(Data for processing Opens)

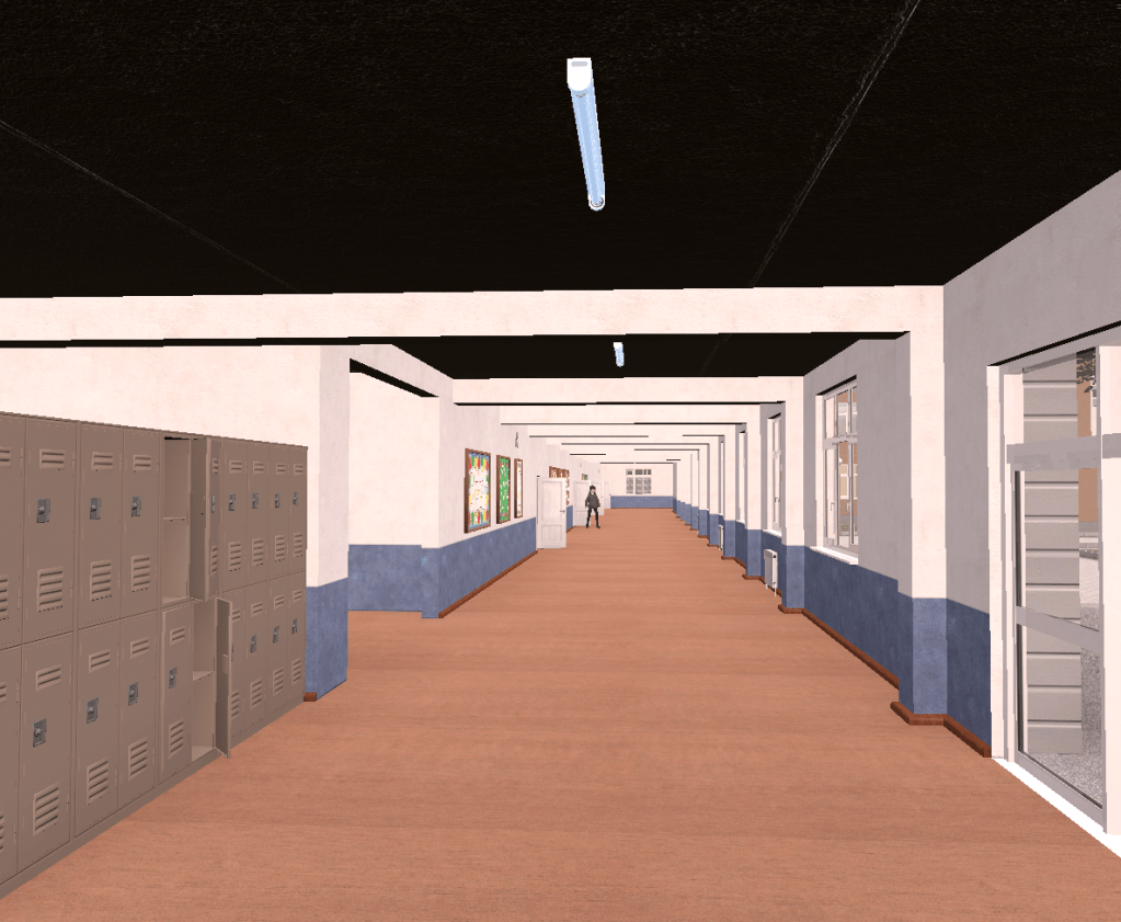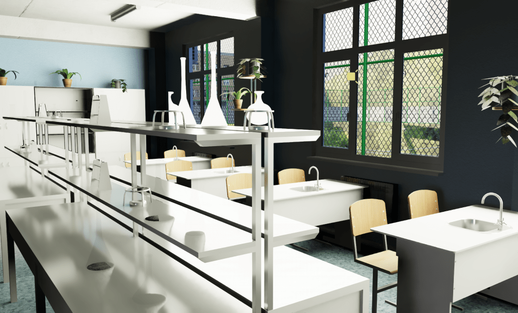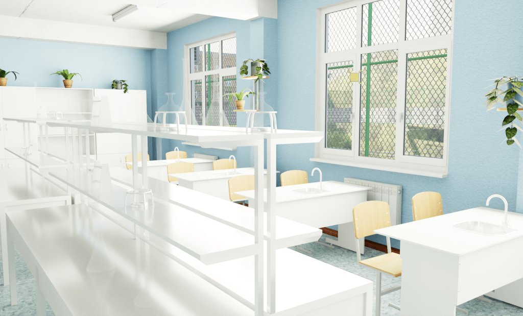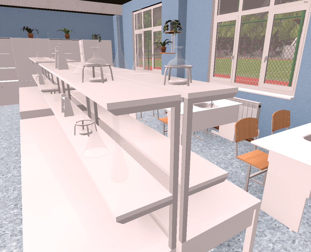 For final shot I used the science classroom as it had glass beakers and I was curious to see how they would come out. First, the default starting point. If you look carefully, you can see several glass containers on the bench top in the middle. Also note the strange shadows on the side of the front desk on the right.
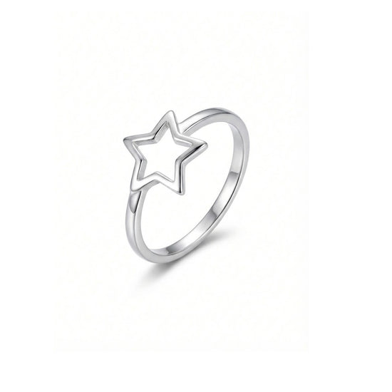 Basraa 92.5 Sterling Silver Star Outline Ring for Women
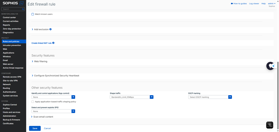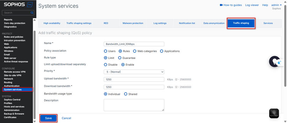 4. Trong phần Traffic Shaping Policy, chọn Bandwidth_Limit_10Mbps.
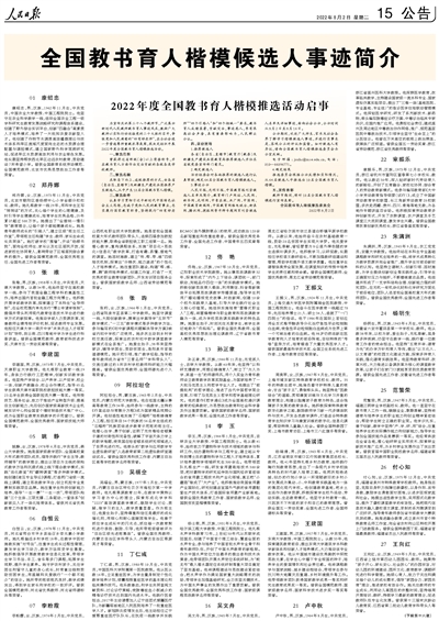 2022年度全国教书育人楷模推选活动启事
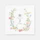 Add an elegant, personalized touch to your reception with this romantic wildflower wedding napkin. Featuring a delicate watercolor floral wreath in soft blush, blue, and golden hues, this design beautifully frames your custom monogram and wedding date for a timeless, garden-inspired look.
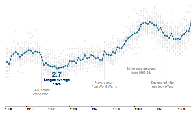 比如,纽约时报做得很好,通过定制化的交互式图形,来为他们的文章添彩。可以在这里看到更多他们的作品。我们来看一些完美的定制化图表案例:
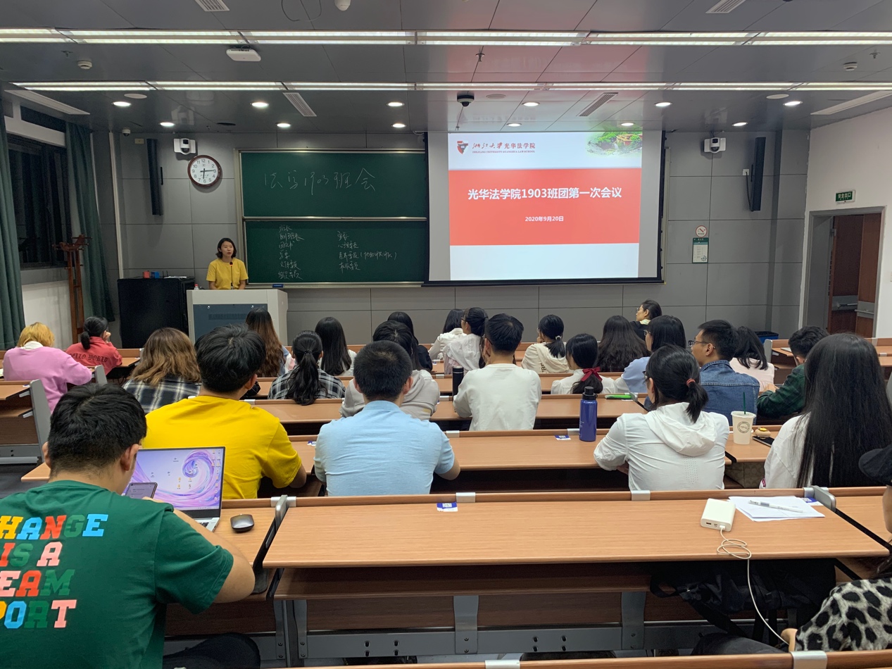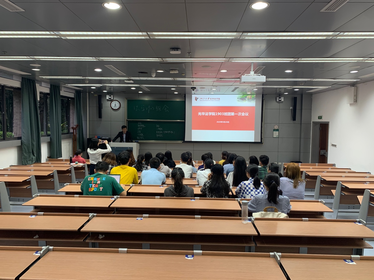 2020年9月20日,法学1903班第一次班会在西2-104教室召开。浙江大学光华法学院常务副院长胡铭教授、班主任何香柏老师、团委副书记骆笑老师和辅导员王然老师参与了此次班会,与同学们亲切交流大学生活的心得体会,引导同学们思考接下来的路该怎么走,并与同学们共同组建了1903班的班团组织。

(Data for processing Closes)

→ Work instruction: Retype all the records shown above, character for character. Omit every picture.

→ Answer to this task:
 For final shot I used the science classroom as it had glass beakers and I was curious to see how they would come out. First, the default starting point. If you look carefully, you can see several glass containers on the bench top in the middle. Also note the strange shadows on the side of the front desk on the right.
 Basraa 92.5 Sterling Silver Star Outline Ring for Women
 4. Trong phần Traffic Shaping Policy, chọn Bandwidth_Limit_10Mbps.
 2022年度全国教书育人楷模推选活动启事
 Add an elegant, personalized touch to your reception with this romantic wildflower wedding napkin. Featuring a delicate watercolor floral wreath in soft blush, blue, and golden hues, this design beautifully frames your custom monogram and wedding date for a timeless, garden-inspired look.
 比如,纽约时报做得很好,通过定制化的交互式图形,来为他们的文章添彩。可以在这里看到更多他们的作品。我们来看一些完美的定制化图表案例:
 2020年9月20日,法学1903班第一次班会在西2-104教室召开。浙江大学光华法学院常务副院长胡铭教授、班主任何香柏老师、团委副书记骆笑老师和辅导员王然老师参与了此次班会,与同学们亲切交流大学生活的心得体会,引导同学们思考接下来的路该怎么走,并与同学们共同组建了1903班的班团组织。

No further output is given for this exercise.